The environment could be improved to make it more dementia friendly. We have recommended that the provider finds out more information based on current best practice, in relation to the specialist needs of people living with dementia. In particular about the environment including, signage in the dining area in relation to meals, flooring and the use of contrasting colours on the corridors.

People’s physical health was monitored as required. This included the monitoring of people’s health conditions and symptoms so appropriate referrals to health professionals could be made. For example, we saw evidence that the home regularly makes contact with district nurses, community nurses for mental health issues, and peoples own doctors. Other health professionals such as dieticians, dentists, occupational therapists and opticians were also requested as needed.

Our observation of part of two medication rounds, together with our review of records provided evidence that medicines were safely stored and administered.

There were robust recruitment procedures in place. On the day of our inspection there were sufficient staff with the right skills and competencies to meet the assessed needs of people living in the home. However two relatives we spoke with raised concerns about the staffing levels on particular days that they had visited. Staff told us they felt supported by the management team, and they confirmed that they had received formal supervisions and appraisals of their work.
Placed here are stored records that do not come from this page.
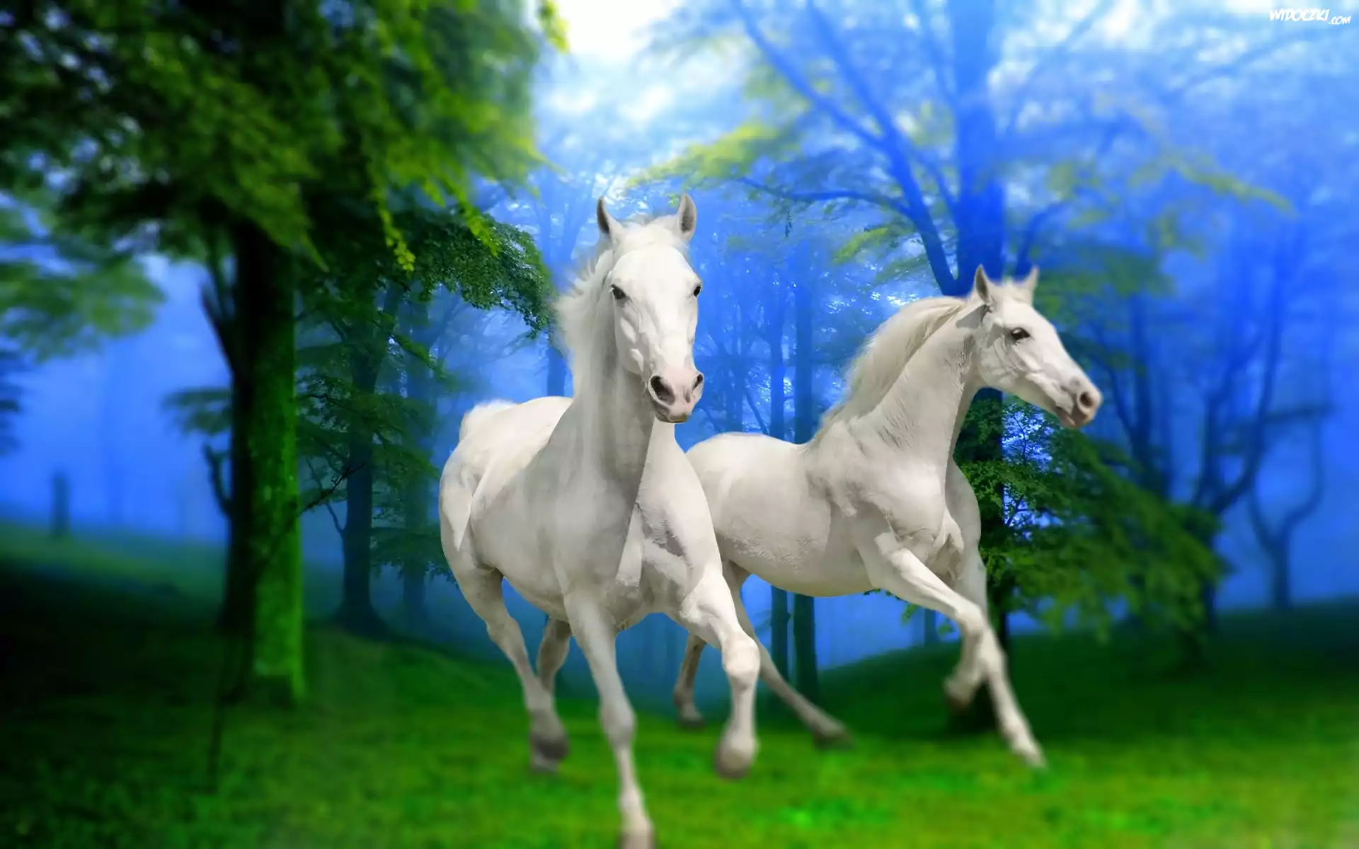 Zdjęcia, Białe, Konie, Las, Drzewa, Mgła
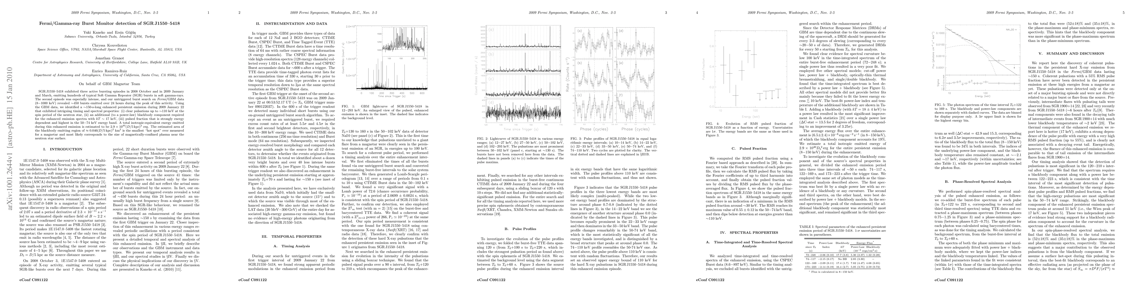 The Fermi/GBM detected hundreds of SGR bursts from SGR J1550-5418 during intense activity episodes in 2008 and 2009. Notably, a ~150-s-long enhanced persistent emission in January 2009 showed clear pulsations, a blackbody component, and a small emitting region, indicating a highly magnetic neutron star.
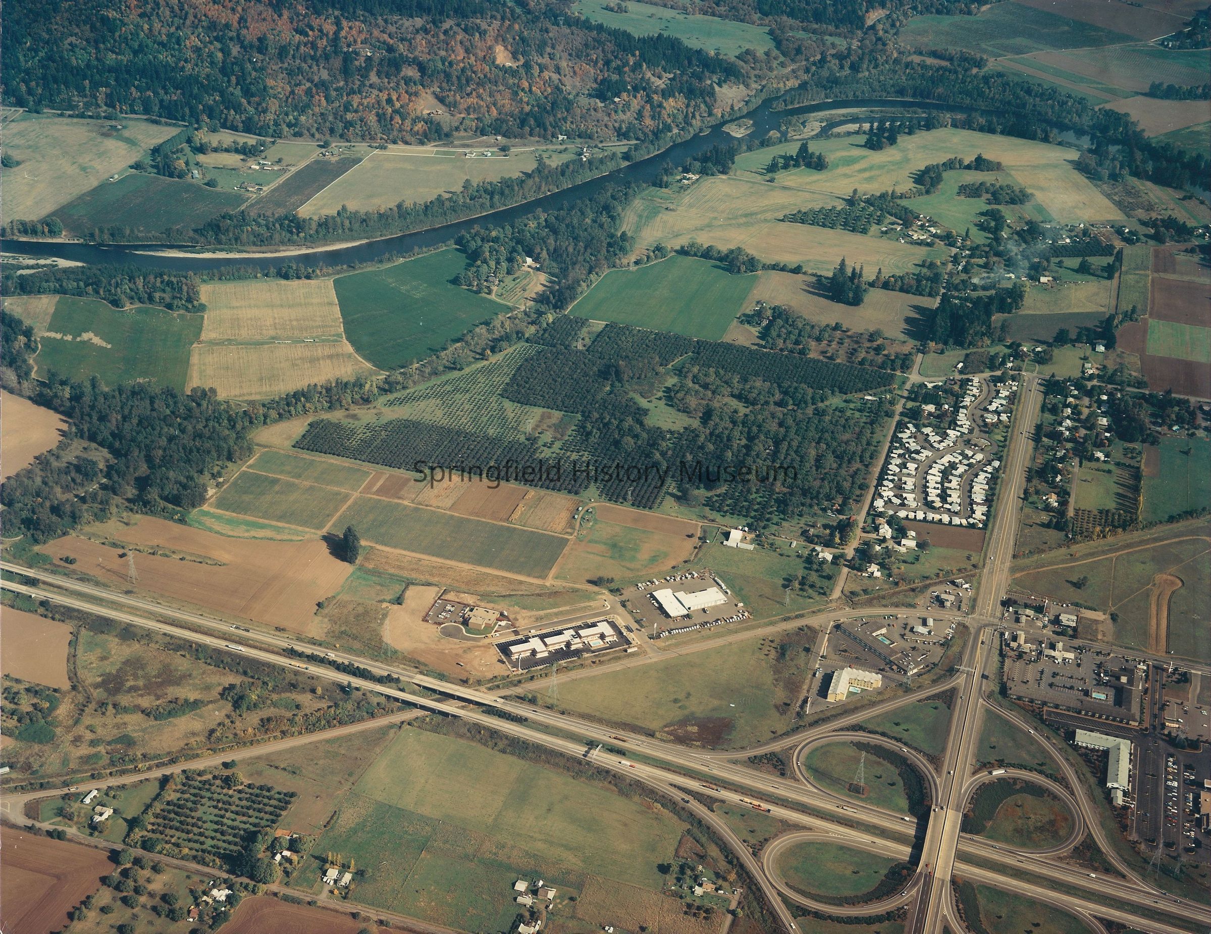 Aerial view of Beltline, Gateway Area and the McKenzie river. Center of photo is where the Sony plant was built.

Staff were aware of people’s nutritional needs and made sure they supported people to have a healthy diet, with choices of a good variety of food and drink. People we spoke with told us they enjoyed the meals and there was always something on the menu they liked. We observed people being offered a second helping of the main course during lunch. Snacks of fruit, cakes, biscuits and drinks were also available for people throughout the day.

People were able to access activities. We spoke to the activity co-ordinator about forthcoming events which included a celebration of the Queens 90th birthday.

Staff and relatives we spoke with were positive about the registered manager and the way in which she led the service. They told us that the registered manager was always around and was approachable and proactive in trying to make the service as good as possible. The registered manager had clear goals for the service and spoke about future developments for the home.

Staff told us they felt supported and they could raise any concerns with the registered manager and felt that they were listened to. Relatives told us they were aware of the complaints procedure and said staff would assist them if they needed to use it. We noted from the records that two formal complaints had been received. The investigations were on-going and the regional care director was involved in meetings with the complainants.

There were systems in place to monitor and improve the quality of the service provided. We saw copies of reports produced by the registered manager. The reports included any actions required and these were checked each month to determine progress.